Roosevelt wanted to contribute one hundred dollars. “Would it do any good for me to say a word in behalf of the Jews?” he asked Hay and Root before receiving the delegation. “Or would it do harm?” He knew the answer in advance. They objected even to his sending money, on grounds of diplomatic propriety. “I suppose,” Roosevelt conceded, “it would be very much like the Tsar spreading his horror of our lynching Negroes.”
Hay tried to explain to the delegation, representing the executive committee of B’nai B’rith, that there were only two “motives” that might justify Administration criticism of Russia’s domestic policy. The first was national self-interest, and the second (hardly imaginable) an expressed willingness in St. Petersburg to listen. “What possible advantage would it be to the United States, and what possible advantage to the Jews of Russia, if we should make a protest against these fiendish cruelties and be told that it was none of our business?”

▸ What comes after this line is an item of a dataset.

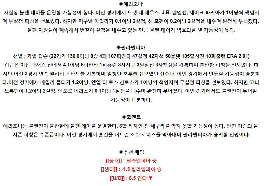 【MLB】 8월18일 애리조나 vs 필라델피아 야구분석
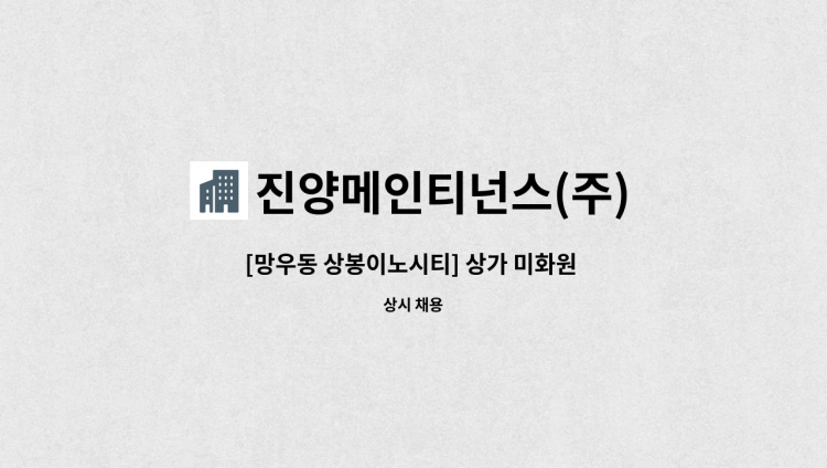 담당업무 ㆍ물류센터 전반적인 소방시설 유지,관리 자격요건 ㆍ소방안전관리자 1급 선임 필수 우대사항 ㆍ소방수첩 소지자 (1급) ㆍ인근 거주자 ㆍ즉시 출근 가능자 ㆍ장기 근무 가능자 ㆍ운전 가능자

Leo Levi, the group’s spokesman, awkwardly addressed himself to the first consideration. He said that it was indeed in the national interest to prevent a diaspora of persecuted Russian Jews to America. The anti-Tsarist “propaganda” such immigrants would bring with them was sure to under-mine “amity between Russia and the United States.” Something must be done “to allay the fears of the Jews in Russia, and thus stem their rush to this country.”
Having thus expressed the traditional disdain of Western for Eastern Jews, Levi went on to read a petition to Nicholas II, the language of which was enough to make Hay blanch. It spoke of “horror and reprobation around the world” at the carnage in Kishinev, accused Russian authorities of tolerating “ignorance, superstition, and bigotry,” and concluded: “Religious persecution is more sinful and more fatuous even than war.”
Hay responded first, in unctuous but negative tones. He said that the United States deplored all “acts of cruelty and injustice” but had to “carefully consider” whether she had any right to question the internal affairs of another sovereign power. The Tsar in any case was an “enlightened sovereign” who would surely never permit another Kishinev.
Roosevelt spoke much more sympathetically. “I have never in my experience in this country known of a more immediate or a deeper expression of sympathy,” he said. It was natural that the United States, with her large Jewish population, should have “the most intense and widespread” reaction against the pogrom. He recited some lines from Longfellow’s “The Jewish Cemetery at Newport,” and paid tribute to the American Jews who had fought in the Revolution and Civil War.